Hashmap¶
Terms¶
- Collision: when two keys' hash values are the same, they are going to map to the two same location in the array.
- Load Factor: assume your hash table has size m, which means that there is room for up to m items in it. But we also care about how many elements we are actually storing in the array right now — we denote this number by s. The ratio alpha = \frac{s}{m} is called the load factor of the hash table. When it is small, there is a lot of room in the table. If it ever exceeds 1, we are guaranteed that a collision must have occurre.
Typically, load factor maintains the ratio of number of <key, value>
pairs / number of buckets. Usually it's under ½.
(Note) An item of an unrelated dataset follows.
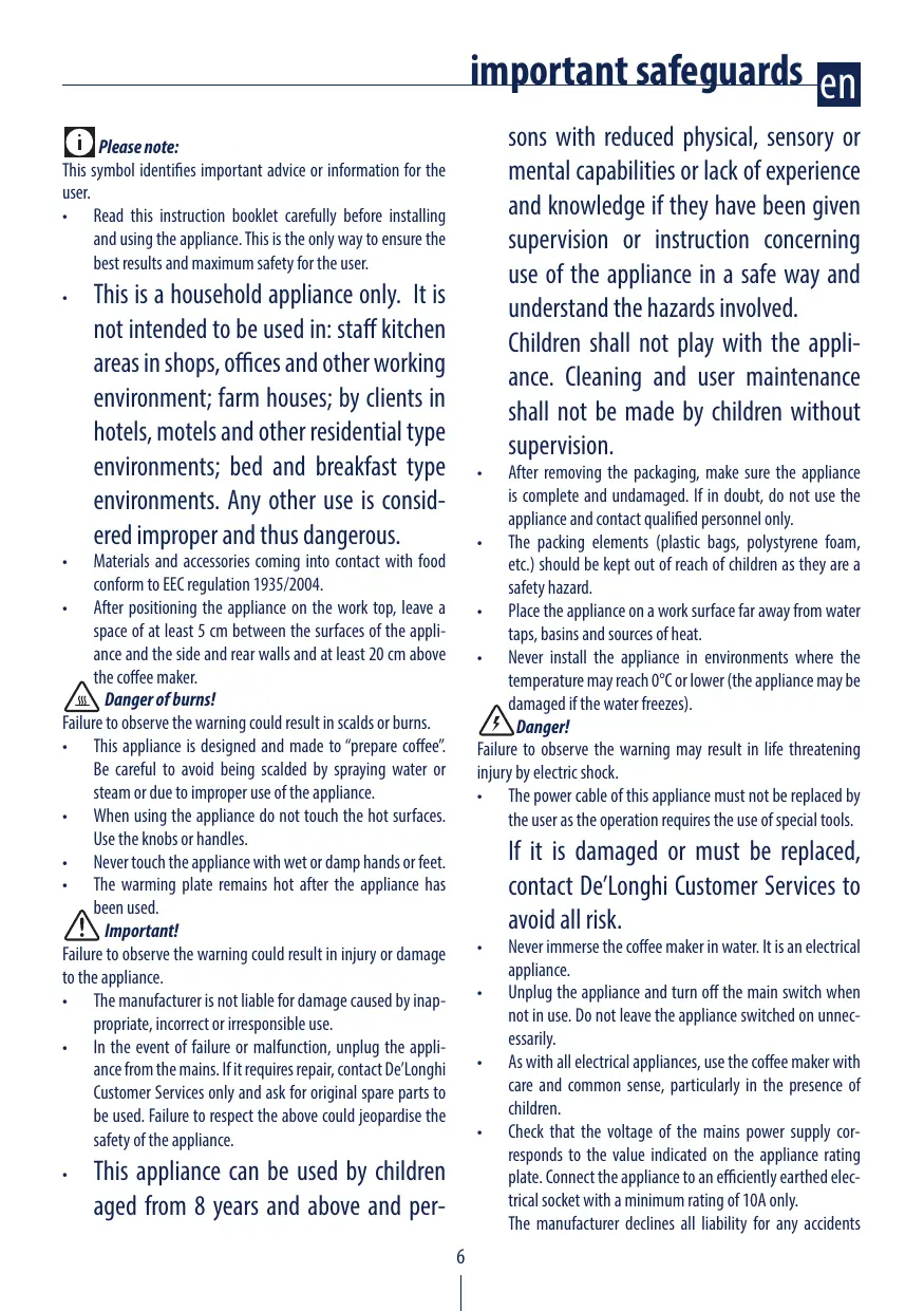 • After positioning the appliance on the work top, leave a space of at least 5 cm between the surfaces of the appliance and the side and rear walls and at least 20 cm above the coffee maker. Danger of burns! Failure to observe the warning could result in scalds or burns. • This appliance is designed and made to “prepare coffee”. Be careful to avoid being scalded by spraying water or steam or due to improper use of the appliance. • When using the appliance do not touch the hot surfaces. Use the knobs or handles. • Never touch the appliance with wet or damp hands or feet. • The warming plate remains hot after the appliance has been used. Important! Failure to observe the warning could result in injury or damage to the appliance. • The manufacturer is not liable for damage caused by inappropriate, incorrect or irresponsible use. • In the event of failure or malfunction, unplug the appliance from the mains. If it requires repair, contact De’Longhi Customer Services only and ask for original spare parts to be used. Failure to respect the above could jeopardise the safety of the appliance. •

This array has a loading factor of 7/13.
-
Hashing Function: So how many random keys do we need to draw until we expect to see our first collision? There are m possible indices of h(k) we can draw, and if any two draws have the same index, then we have a collision. This is exactly an instance of the Birthday Paradox, so we would expect our first collision to occur around key number \theta(\sqrt{m}). In other words, even if we think that the keys are drawn randomly (which should be pretty friendly to the hash table), the first collisions should occur around load factor \alpha = \theta(\sqrt{m}). This is all the more reason why we will need to deal with collisions below.
-
Modulo Arithmetic: h(k) = k mod m the problem is that it might get very clustered key items in particular digits (e.g. m = 10 then all the if all numbers has the same last two digits will fall into the same key). Solution: choose a large prime number.
-
Chaining: using a linkedlist to store all the collide values, do a linear scan to check if exist in the linkedlist.
Time Complexity: assume the size of each linkedlist is l_i, and we have s elements in total, then the possibability for a given element to fall on l_i is l_i / s, it will take \theta(l_i) to find in the linkedlist. Thus the total time complexity is \theta (\frac{1}{s} \times \sum_i l_i^{2})
-
Probing or Open Addressing: use only one list to store all the values, and find the next avaliable location for inserting if there is a collision.
-
Linear Probing: if position i is occupied, then try i + 1, i + 2... until find the first free place. In practice it's a bad idea: assume you have filled 0, ..., m / 2 positions in the list. The possibability of filling next element that will fall in 0, ..., m / 2 is ½, which will take m/2 + 1 operations to find the next avaliable place.
TODO: add open addressing
Designing Thread Safe Lookup table (hashmap or std::map<T,T>
)¶
- One solution to prevent data racing is by adding mutex lock everytime we want to do any operation. Can we do better?
- There are three common ways of implementing an associateive container like lookup table:
- A balanced binary tree, such as red-black tree (have to lock the root, which has no difference than locking the entire tree)
- A sorted array (still have to lock the entire array)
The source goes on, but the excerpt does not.